WHAT THE EXERCISE ASKS: Repeat the data word for word, excluding every picture.
START GIVEN MATERIAL
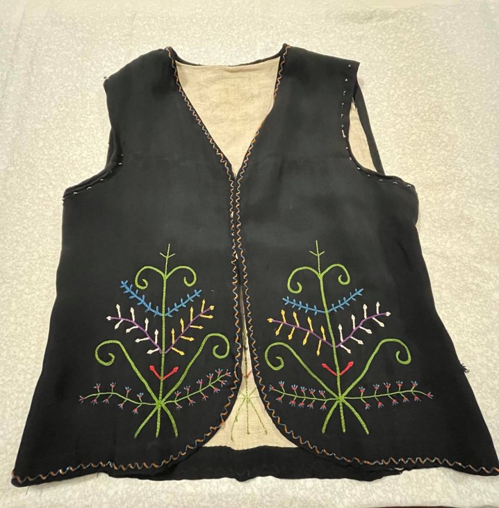 Горсик із вовняної тканини, прикрашений ручною вишивкою, виконаною технікою стебнівки (однобічної штапівки). На передніх полах розміщені стилізовані рослинні візерунки, характерні для вишивальної традиції Сваричева. Виріб належить до середини ХХ століття та відображає місцеву манеру оздоблення традиційного бойківського строю.
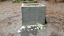 Base of the memorial to Abraham Lincoln after the statue was toppled
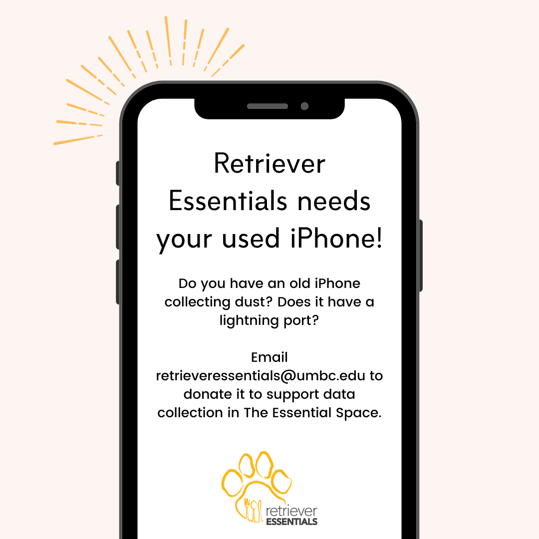 Retriever Essentials is looking for a used iPhone to support data collection in The Essential Space. The data we collect will be used to evaluate our programs and inform our advocacy efforts around food access.
END GIVEN MATERIAL
RESPONSE AREA:
 Горсик із вовняної тканини, прикрашений ручною вишивкою, виконаною технікою стебнівки (однобічної штапівки). На передніх полах розміщені стилізовані рослинні візерунки, характерні для вишивальної традиції Сваричева. Виріб належить до середини ХХ століття та відображає місцеву манеру оздоблення традиційного бойківського строю.
 Base of the memorial to Abraham Lincoln after the statue was toppled
 Retriever Essentials is looking for a used iPhone to support data collection in The Essential Space. The data we collect will be used to evaluate our programs and inform our advocacy efforts around food access.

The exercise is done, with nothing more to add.